TASK DIRECTIONS => Every line from the one holding "Aeliya Marine Tech" through the one holding "เช้าวันที่ 12 ธันวาคม" in the data below must be returned exactly, both ends included, with pictures left out and nothing else added.

GIVEN INFORMATION =>

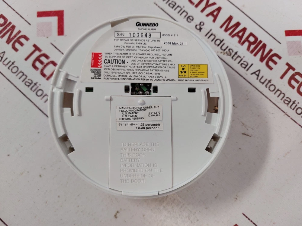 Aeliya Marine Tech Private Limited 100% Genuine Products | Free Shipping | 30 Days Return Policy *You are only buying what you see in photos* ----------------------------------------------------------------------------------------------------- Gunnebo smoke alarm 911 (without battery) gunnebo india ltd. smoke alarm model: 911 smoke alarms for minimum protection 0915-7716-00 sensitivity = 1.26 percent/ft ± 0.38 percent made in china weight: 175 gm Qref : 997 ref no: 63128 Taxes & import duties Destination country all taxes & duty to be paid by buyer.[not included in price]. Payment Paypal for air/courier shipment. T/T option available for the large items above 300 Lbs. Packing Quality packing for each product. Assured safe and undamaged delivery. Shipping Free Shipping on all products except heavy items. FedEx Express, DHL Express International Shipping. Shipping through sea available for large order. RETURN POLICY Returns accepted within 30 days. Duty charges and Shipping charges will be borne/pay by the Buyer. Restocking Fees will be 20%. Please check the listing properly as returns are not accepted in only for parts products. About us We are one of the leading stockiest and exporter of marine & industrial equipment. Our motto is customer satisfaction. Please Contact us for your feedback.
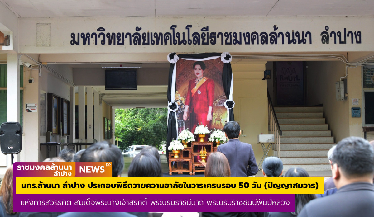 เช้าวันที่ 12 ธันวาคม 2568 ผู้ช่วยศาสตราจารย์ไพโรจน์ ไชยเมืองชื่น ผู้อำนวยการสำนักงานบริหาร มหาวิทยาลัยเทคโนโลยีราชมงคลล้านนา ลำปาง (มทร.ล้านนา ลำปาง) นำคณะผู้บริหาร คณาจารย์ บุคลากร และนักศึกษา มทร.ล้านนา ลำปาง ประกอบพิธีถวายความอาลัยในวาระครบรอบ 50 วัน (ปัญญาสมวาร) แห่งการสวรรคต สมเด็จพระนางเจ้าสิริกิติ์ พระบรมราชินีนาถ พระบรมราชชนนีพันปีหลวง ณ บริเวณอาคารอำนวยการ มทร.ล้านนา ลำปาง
--
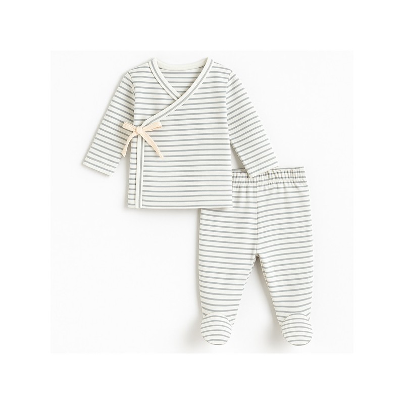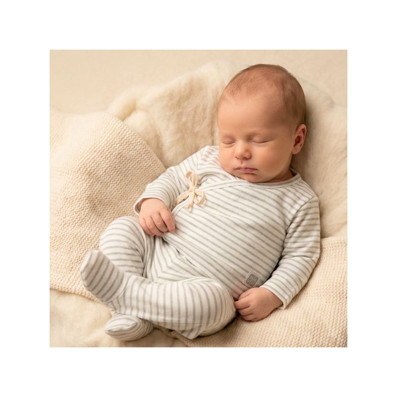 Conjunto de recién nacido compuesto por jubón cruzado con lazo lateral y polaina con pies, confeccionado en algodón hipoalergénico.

ANSWER TO THIS TASK =>
 Aeliya Marine Tech Private Limited 100% Genuine Products | Free Shipping | 30 Days Return Policy *You are only buying what you see in photos* ----------------------------------------------------------------------------------------------------- Gunnebo smoke alarm 911 (without battery) gunnebo india ltd. smoke alarm model: 911 smoke alarms for minimum protection 0915-7716-00 sensitivity = 1.26 percent/ft ± 0.38 percent made in china weight: 175 gm Qref : 997 ref no: 63128 Taxes & import duties Destination country all taxes & duty to be paid by buyer.[not included in price]. Payment Paypal for air/courier shipment. T/T option available for the large items above 300 Lbs. Packing Quality packing for each product. Assured safe and undamaged delivery. Shipping Free Shipping on all products except heavy items. FedEx Express, DHL Express International Shipping. Shipping through sea available for large order. RETURN POLICY Returns accepted within 30 days. Duty charges and Shipping charges will be borne/pay by the Buyer. Restocking Fees will be 20%. Please check the listing properly as returns are not accepted in only for parts products. About us We are one of the leading stockiest and exporter of marine & industrial equipment. Our motto is customer satisfaction. Please Contact us for your feedback.
 เช้าวันที่ 12 ธันวาคม 2568 ผู้ช่วยศาสตราจารย์ไพโรจน์ ไชยเมืองชื่น ผู้อำนวยการสำนักงานบริหาร มหาวิทยาลัยเทคโนโลยีราชมงคลล้านนา ลำปาง (มทร.ล้านนา ลำปาง) นำคณะผู้บริหาร คณาจารย์ บุคลากร และนักศึกษา มทร.ล้านนา ลำปาง ประกอบพิธีถวายความอาลัยในวาระครบรอบ 50 วัน (ปัญญาสมวาร) แห่งการสวรรคต สมเด็จพระนางเจ้าสิริกิติ์ พระบรมราชินีนาถ พระบรมราชชนนีพันปีหลวง ณ บริเวณอาคารอำนวยการ มทร.ล้านนา ลำปาง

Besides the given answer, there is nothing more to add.